Even if we could  revive the ZC of a year ago, I wouldn’t want anything to do with it.  It was a place where a relatively big bunch of politically conservative people felt comfortable, welcome, and, in a bloggy kind of way, important and full of potential significance, and where a few others sometimes enjoyed tangling with them.  I’d be interested only in a very different ZC than that thing was – different content, different people for the most part, different circle of connections,  different sense of context and direction.  And I’d prefer a different blog title, too:  Though I eventually grew accustomed to “Zombie Contentions,” I’ve never really liked it very much, and it’s lost resonance over the year and a half of the blog’s existence, since I don’t think any of us think much about, or of, the Contentions blog anymore.

I’m mostly fine with things, so this isn’t a complaint.  I like having an all-day coffee klatch and sanity-tester.  I enjoy working with you all, seeing what you come up with.  I prefer relatively intensive dialogue with people I know – in the way we know people on the internet – to the alternatives offered at high-traffic blogs and major commercial web sites.
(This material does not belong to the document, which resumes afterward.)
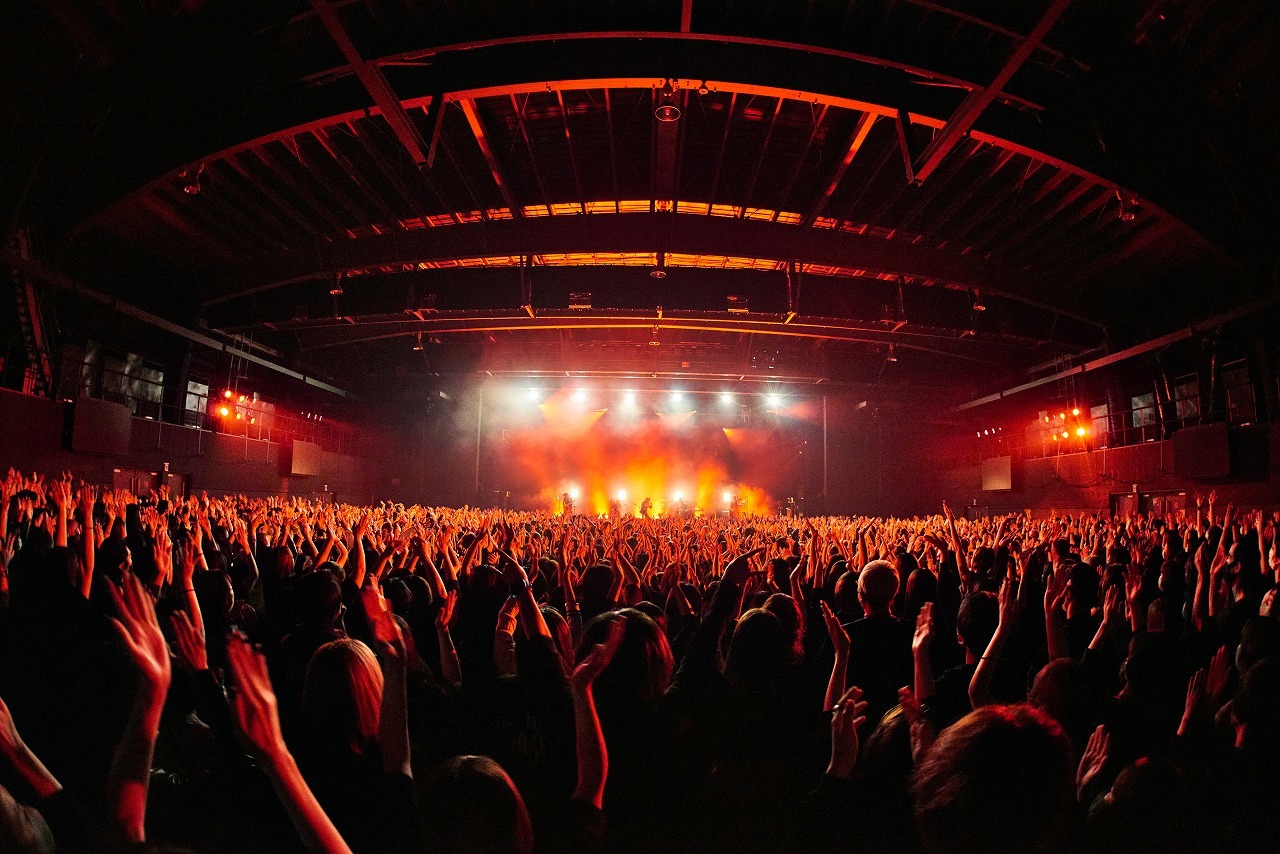 彼らの動員力を考えれば当然のごとく、日本最大級のライブハウスをオーディエンスで満杯にしたツアーファイナルは、予定調和と想定外のミクスチャーで幕開けた。アルバムと同じく「COUNT-10」をSEに、ステージの上部で輝く“M”を象った『MASS』のロゴマークから赤い光が伸びていくオープニングは、3本のツアーを通して一貫するもの。神聖にして狂暴な音と声が荒れ狂うエモーショナルな「BLINDING HOPE」で始まり、「ROLLIN’」が一気にフロアのクラップを呼ぶというお馴染みの流れも練度を増して、いっそう場内を燃え立たせていくのだろう……と思った矢先、豊洲PITに魔物が舞い降りた。いきなりの機材トラブルで音が止まり、場内が明るくなるや、しかしRUKI(Vo)は「押忍!」と茶目っ気たっぷりに挨拶して、「バンド21年やってるけど2曲目、ツアー最終日でトラブルは、ちょっとビビったわ。今のお前らのテンションが着火したね」と至極平然。仕切り直しての「GUSH」では「揺らせ!」という彼の号令に従い、とにかく一つになろうとバンド、オーディエンス共に死力を尽くして、想定以上の熱気を生み出していく。トラブルも丸ごと楽しむことのできる懐の深さ、それをフロアの高ぶりへと変換する手腕の巧みさは21年のキャリアの賜物。加えて、3本のツアーを通して磨き上げてきたライブ構成が“何が起きても大丈夫”という一種の安心感を、ファンに与えていたことも事実だろう。

Also, for the first time in a long time, I have some other writing/editing projects going on, so I feel much less driven than I might have otherwise felt to “make something” of this blog.

In the last connection let me emphasize that I don’t see a zero sum contest between pursuing those other projects and pursuing a blogging project.  To the contrary, useful and unique synergies can develop between seemingly separate and divergent writing interests, and, for my purposes, have done so already on the level of material that I’ve tried out here and been able to plug in elsewhere, and vice versa.  We may eventually see some community synergies as well.

Still, I said “mostly fine with things” rather than just plain “fine,” because I’m not completely confident that what I’m saying goes for the rest of you, or applies well enough to keep the blog going.  In fact, my sense is that, in the life-cycle of small blogs, ZC is well into old age – if not already dead, just dragging itself along in an appropriately zombified form.  Either way, I suspect it will soon – probably not next week, but likely within a few months at the most – cease to exist in its present form.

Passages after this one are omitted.